Stored data entries
-*-*-
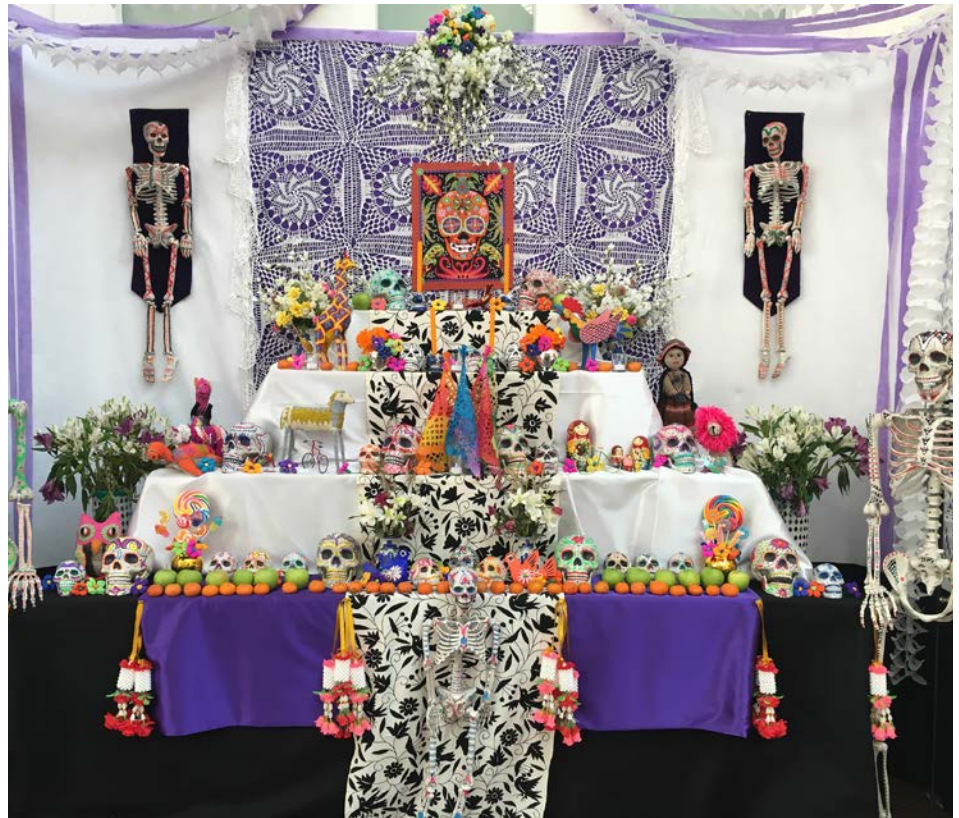
Día de los Muertos Angelitos Altar, Museum of International Folk Art, 2017
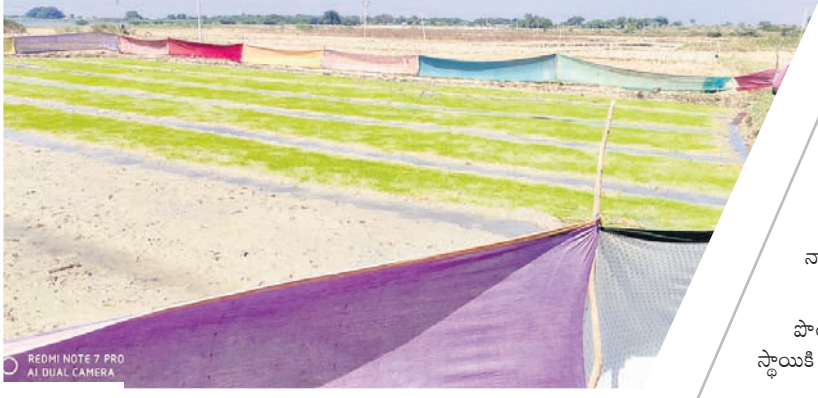
పొలంలో కొయ్యలను కాల్చడం అత్యంత ప్రమాదకర స్థాయికి చేరుకున్నదని శాస్త్రవేత్తలు, సామాజికవేత్తలు ఆందోళన

ఉజ్జూర్, డిసెంబర్ 10 : అన్నదాతలకు పంటలు పండించడం సాహసమైతే.. దానికి ముందు పశుపక్షాలను తట్టుకుని నారు పెంచడం అంతకంటే పెద్ద సాహసం. ఉజ్జూర్ మండల కేంద్రం నుంచి సంద్యోగినిక వెళ్లే రహదారి పక్కనే ఉన్న పొలంలో ఓ క్షేత్ర వరి నారు పెంచుతున్నారు. వరినారు పశువుల బారిన పడకుండా విభిన్నంగా ఆలోచించాడు. ఎటువంటి ఖర్చు చేయకుండా ఇంట్లో పాత చీరలను తెచ్చి వరి నారుకు రక్షణగా ఏర్పాటు చేశాడు. ఆ నారు పెరిగి పెద్దదయ్యింది. మరొకొద్ద రోజుల్లో వరి నాట్లు వేసినందుకు సిద్ధంగా ఉన్నది. ఈ దృశ్యాన్ని సమస్త తెలంగాణ ఖిక్ మనవిందింది.
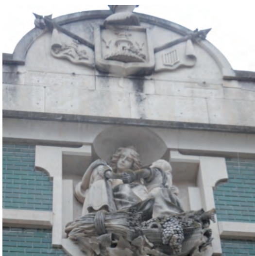
Detalle superior del edificio: a la izquierda el reproducido en 1929 en el Libro del Ahorro; a la derecha, en la actualidad.
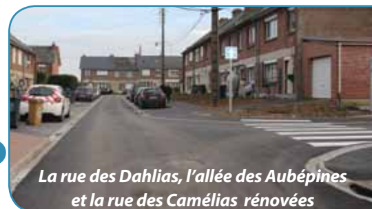
La rue des Dahlias, l'allée des Aubépines et la rue des Camélias rénovées

D'autres travaux sont prévus aux Florilys en 2016 rues des Lys, des Tulipes et des Violettes.
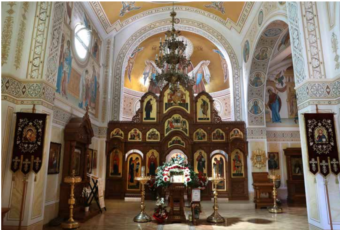
Nau principal de l'església de l'Anunciació, amb el seu iconòstasi que s'alça davant del presbiteri, el mes d'abril de 2022.

A començament de la dècada de 2010, el bisbat de Barcelona va llogar a l'església ortodoxa russa l'antiga capella dels Pares Camils del carrer de la Mare de Déu dels Reis, 12, al barri de Vallcarca, perquè aquesta comunitat l'adaptés a les seves necessitats.
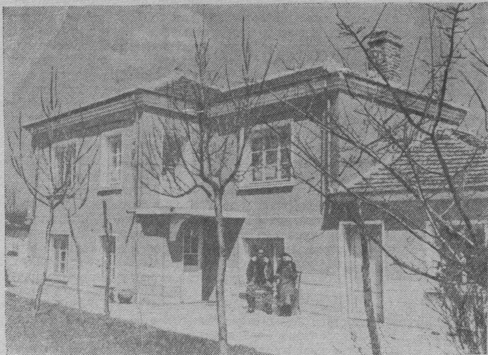
Болгарияса сиктын ТКЗХ-са членлөн виль керка.

Куш гора йылысь аддзим крест. Зэв вылын сийо, муртса тыдало. Коди сийос лэптис?
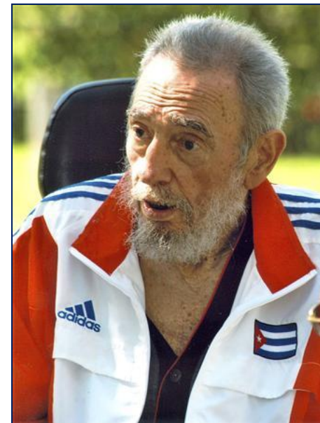
Современное фото Ф.Кастро.
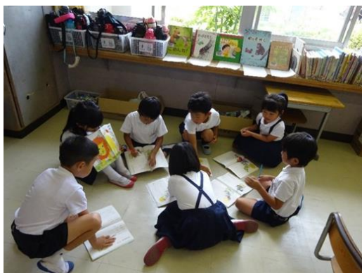
小学校「学びづくりフロンティア校」事業 (音読劇の練習の様子)
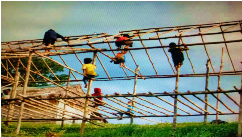
FOTO 1. Kelompok belia Orang Asli Kampung Chueh II bergotong-royong membina rumah penginapan homestay sepanjang tempoh PKP dikuatkuasakan seluruh negara.
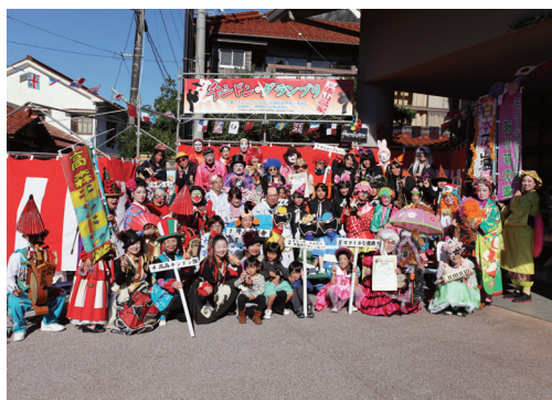
▲参加者全員で記念撮影

白猿の湯前のメインステージでは、それぞれのグループが自己紹介を行い、続いて俵山温泉街を練り歩きました。口上や楽器演奏、パフォーマンス、衣装などについて、5人の審査員が採点しました。その結果、岩国市から参加した「高森チンドン隊」がグランプリを獲得しました。
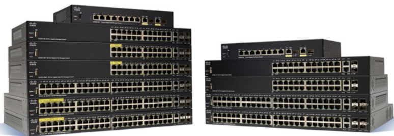
思科 350 系列管理型交换机 以太网交换机
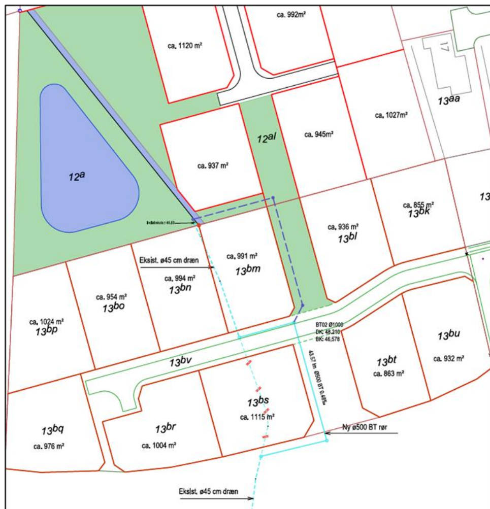
Figur 3: Eksisterende forløb (turkis) og fremtidigt forløb (blå stiple)

Vandløb forlægges over en strækning på ca. 55 m, se figur 3. Der anvendes Ø 50 cm mufferrør på strækningen. Det er ansøgers vurdering, at der ikke vil opstå hydrauliske problemer ved et skift til en større rørdimension over en kortere strækning.
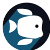
Aquarium de Lyon
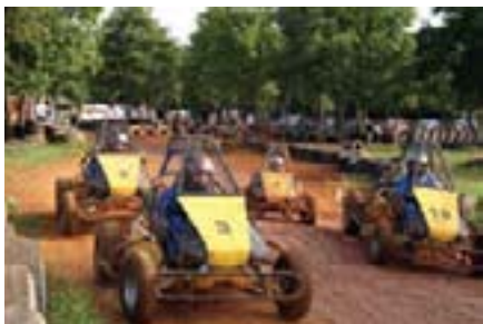
Nestrpljenje na startnim pozicijama je bilo očito

Tako se naše druženje polako približavalo kraju. Vrijeme koje smo proveli zajedno u opuštenoj atmosferi proteklo je prilično brzo. Pred kraj su neki još iskoristili svoje vrijeme na plaži i osvježili se u moru, dok su ostali polako krenuli prema svojim kućama. A bez sumnje stoji ono što smo se dogovorili na kraju - vidimo se opet i dogodine!
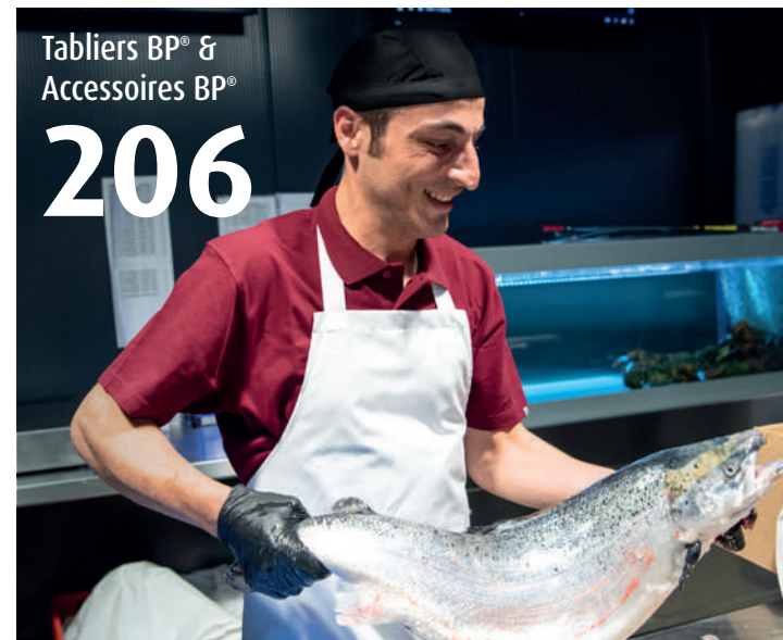
Tabliers BP® & Accessoires BP® 206

Le complément idéal pour la cuisine, le service et le comptoir : nos tabliers et accessoires apportent la touche finale parfaite à votre tenue.
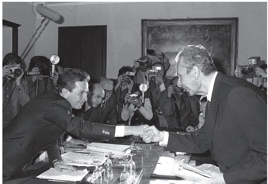
Rom, 3. Mai 1977. Von links: Händedruck zwischen dem Generalsekretär der Kommunistischen Partei Italiens (PCI), Enrico Berlinguer, und dem Präsidenten der Christdemokraten, Aldo Moro, den Hauptbegründern des sogenannten historischen Kompromisses.

Nur wenige Vertreter des politischen und diplomatischen Establishments der USA verkörperten die Feindseligkeit ge-
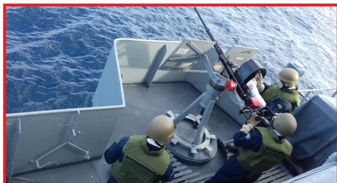
Esse exercício foi o quarto realizado em 2017

O Rebocador de Alto Mar “Almirante Guillobel” participou da comissão “Reboquex V/2017”, no período de 16 a 17 de maio, tendo rebocado o Navio-Patrolha “Gurupi” durante o adestramento, no litoral do Rio de Janeiro, área de jurisdição do Comando do 1º Distrito Naval.
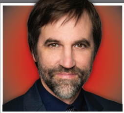
HON. STEVEN GUILBEAULT

Faycal.El-Khoury@parl.gc.ca (450) 689-4594
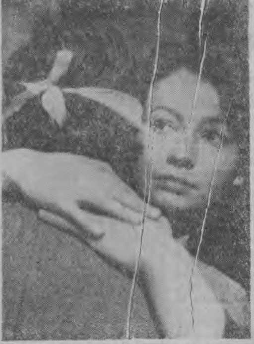
Na ekrany kin w całej Polsce wszedł nowy film polski „Mileczenie”
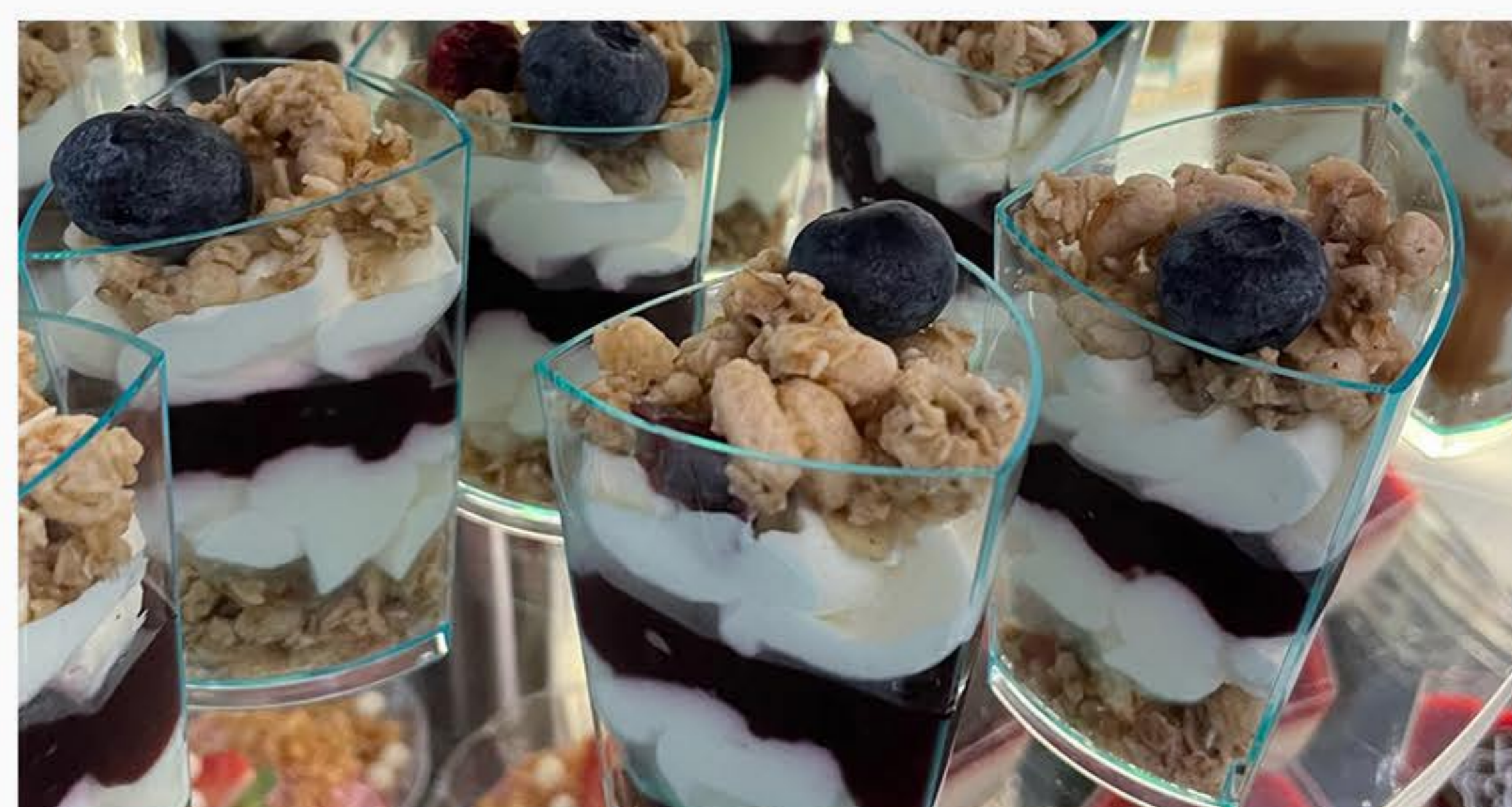
ŚMIETANKA Z MASCARPONE I CZARNĄ PORZECZKĄ
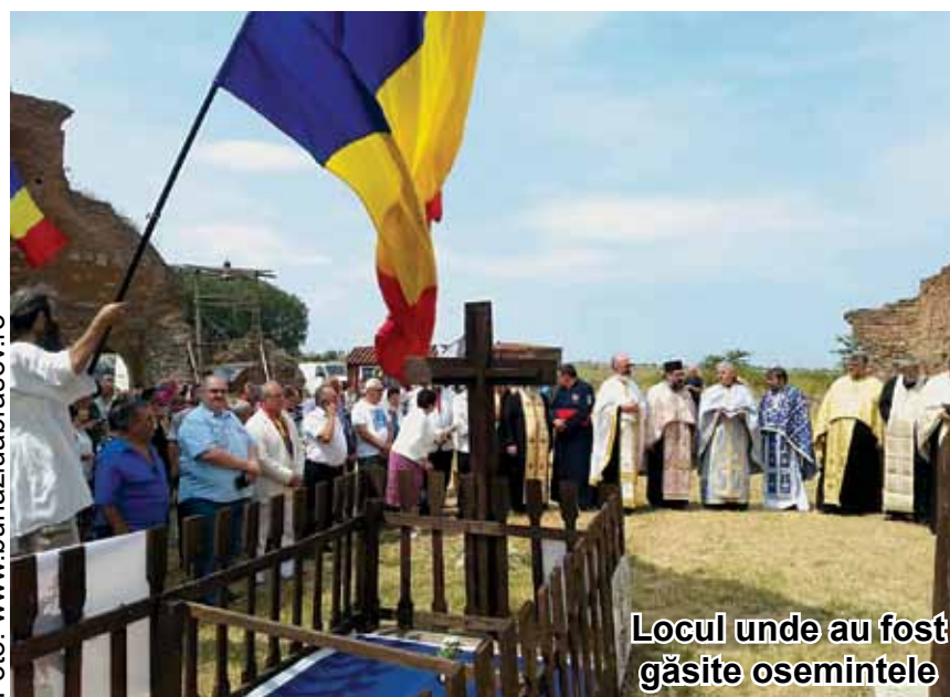
Locul unde au fost găsite osemintele

ani Mihai Viteazul cădea răpus pe Câmpia Turzii, Asociația C.A.R.P. „OMENIA” București, va participa prin reprezentanții săi, la mănăstirea Plăviceni din Județul
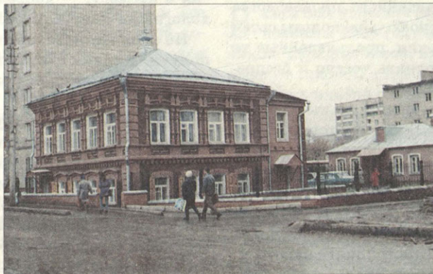
Музей Льва Кассиля на бывшей Аткарской улице

В доме оставались жить родители. Дети разлетелись из гнезда, сохранив в душе память о Покровске, родном городе детства, улицами которого они «входили в жизнь».
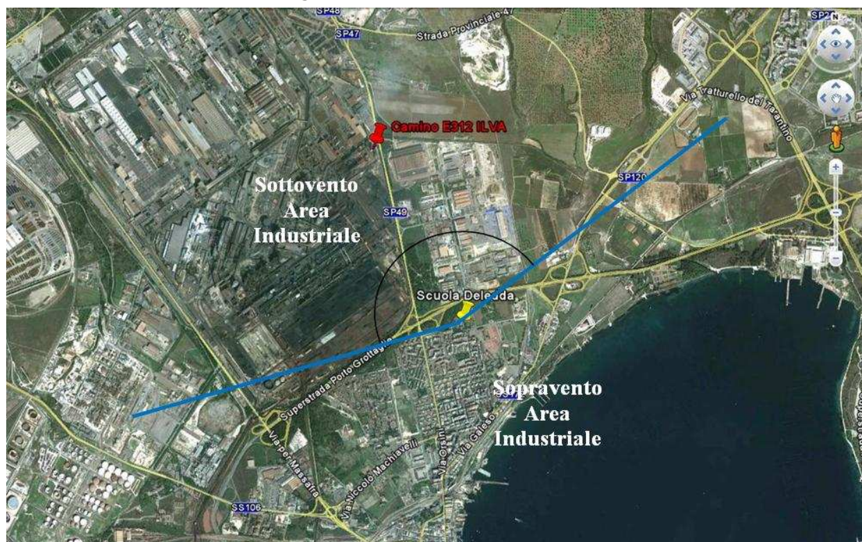
Figura 1 – Localizzazione campionatore WS (in giallo) e settori di campionamento sottovento e sopravento rispetto alla zona industriale
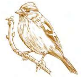
Pinson des arbres
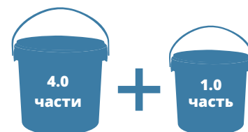
Компонент А (Смола)
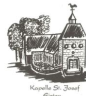
Kapelle St. Josef Eisten
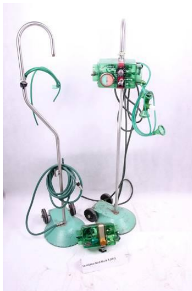
Ventilátor Bird Mark 8, Bird Corporation USA, po roku 1968
-*-*-
WORK REQUIRED:
Your response should contain each line of the entries above that holds the string "església".

ANSWER SPACE:
Nau principal de l'església de l'Anunciació, amb el seu iconòstasi que s'alça davant del presbiteri, el mes d'abril de 2022.
A començament de la dècada de 2010, el bisbat de Barcelona va llogar a l'església ortodoxa russa l'antiga capella dels Pares Camils del carrer de la Mare de Déu dels Reis, 12, al barri de Vallcarca, perquè aquesta comunitat l'adaptés a les seves necessitats.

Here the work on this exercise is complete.